Tuesday 13 July 2010

The cartoon critic.

One of the many terrific books by James Thurber is 'The Years With Ross', an account of his experiences of the early days of the New Yorker magazine, and in particular its eccentric, energetic, unpredictable founder and editor, Harold Ross.

Ross was deeply involved in every aspect of the magazine (except perhaps the financial), including scrutinising the submitted cartoons every Tuesday, pin-pointing weaknesses with a white knitting needle. Thurber says:

'I was on hand when he pointed his needle at a butler in a Thanksgiving cover depicting a Park Avenue family at table, and snarled 'That isn't a butler, it's a banker.' Suddenly, the figure was, to all of us, a banker in disguise, and Ross dictated a note asking the artist 'to make a real butler out of this fellow.'

On another occasion he stared at a picture of Model T driving down a dusty road for two minutes, before saying 'Take this down, Miss Terry. Better dust.'

It was Ross who decided, though not without misgivings, to publish not just Thurber's brilliant articles and short stories, but also his equally brilliant but untrained and elliptical cartoons, such as this one:


Of course, this sort of naif style looks perfectly normal to us, but in those days of the elegant draftsmanship of Peter Arno or Charles Addams it was rather shocking. According to Thurber, one angry artist:

'...yelled at Ross one day during the thirties, 'Why do you reject drawings of mine and print stuff by that fifth-rate artist Thurber?'
'Third-rate,' said Ross, coming promptly and bravely to the defence of my stature as an artist and his own reputation as an editor.

Elsewhere, Thurber quotes E.B.White, on finding Thurber trying his hand at the more usual elaborate cross-hatching style of cartooning: 'Don't do that. If you ever got good you'd be mediocre.'




3 comments:

Ross Bennett said...

Thank you for this story, John. Somehow this particular Ross has escaped me until now.

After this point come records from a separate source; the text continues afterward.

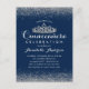 Invitation de Naissance Quinceañera Élégante et Moderne en Bleu Royal Argenté avec Paillettes sur Fond Ardoise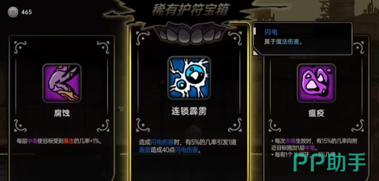 稀有护符宝箱房间则以概率形式开启高品质护符池。此类房间不提供直接选择权,但宝箱品质越高,开出高价值护符的概率越大。例如“连锁霹雳”护符,可在普攻命中时触发范围闪电链,对多目标造成额外伤害,实战中具备极强的AOE压制能力,是中期过渡阶段的重要输出补充。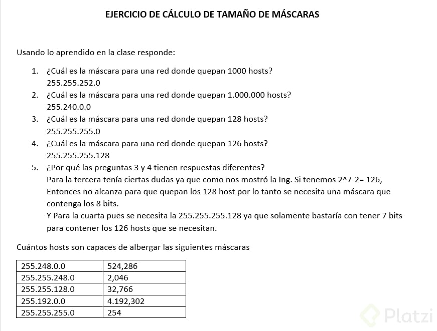 - Pista: Encuentra la potencia de dos más cercana a 500 y recuerda restar 2 para las direcciones de red y broadcast.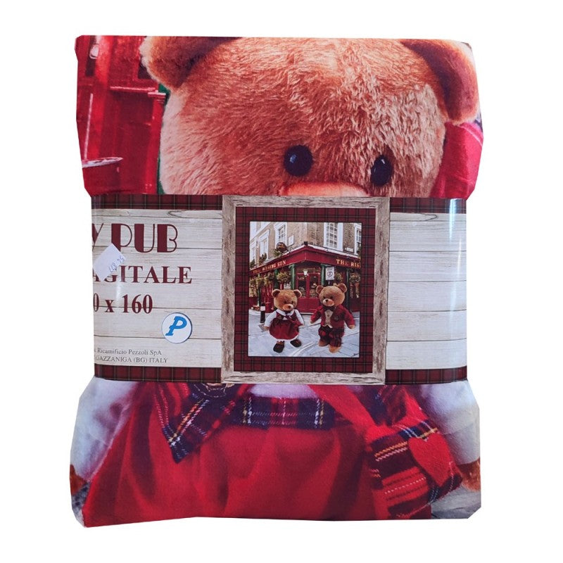 Plaid in pile agnellato digitale Teddy 100% Poliestere, 130x160cm, stampa digitale. Pile morbidissimo e confortevole, doppio strato composto da una parte con disegno e una parte agnellato in tinta unita grigio.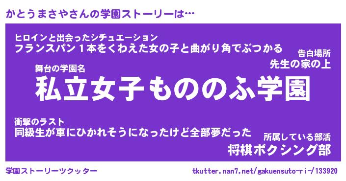 | 女子向けラノベタイトル風あだ名 | 『誰かこのかとうまさやを説明してください! ~契約から始まるウェディング~』 |
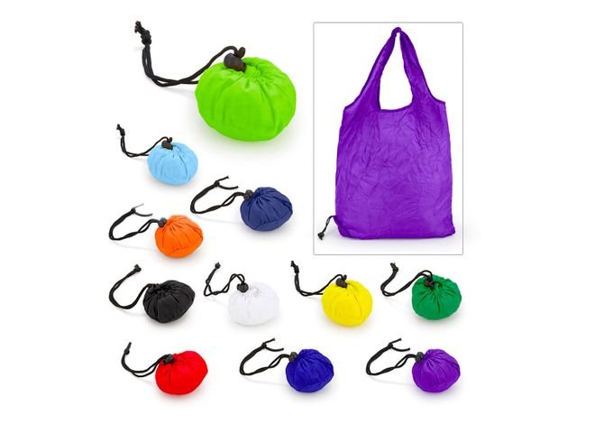 Bolso plegable con cordón para fácil almacenamiento. Viene en presentación plana.

I look forward to becoming acquainted.

Starting about ten years ago I've had the pleasure to enjoy people saying, "Your parents must have liked 'Friends' quite a lot."

I'm 44.

Also wanted you to know this. Lately, for reasons I can't quite identify and without any particular prompting, I find myself mumbling, "No. I am a chipmunk."

Piques said...

This is what I like about modern social media like blogs and twitter and such. I get exposed to stuff I never knew or spent time learning before. Here, you have exposed me to the New Yorker - something I was familiar with but disliked; James Thurber who originated the scrawl-type cartoons so associated with the New Yorker and its ilk; as well as the literary term "elliptical ". I had no idea words could be elliptical outside of fancy fonts.

So a-googling I a-went. Although I have read some on elliptical poetry - as apparently it mainly refers to - I still have no actual understanding of what it describes. I am aware of its existence but can not describe it or point it out in an anthology. I have researched this cartoon wondering if I am missing some bit of information that throws light as to its meaning. I have found no virtual light switch. The best I have gathered is that there are some people who find it amusing that Dr. Millmoss has been eaten by a hippo. They also seem to presume that it is a Jonah in the belly of the whale situation but more cramped for poor Dr. Millmoss. And finally, given the New Yorker another look over and decided that I still am not a fan.

Now this all may seem negative, but its not. The positive thing is not that I come to agree or learn something useful. The fun comes in being exposed to something worth investigating.

Life can become very mundane for those of us on the average path. And it is easy to forget the thrill of the hunt of irrelevant information. Through social media I find all sorts of stuff I had no idea I didn't know. And that's what I love about it all.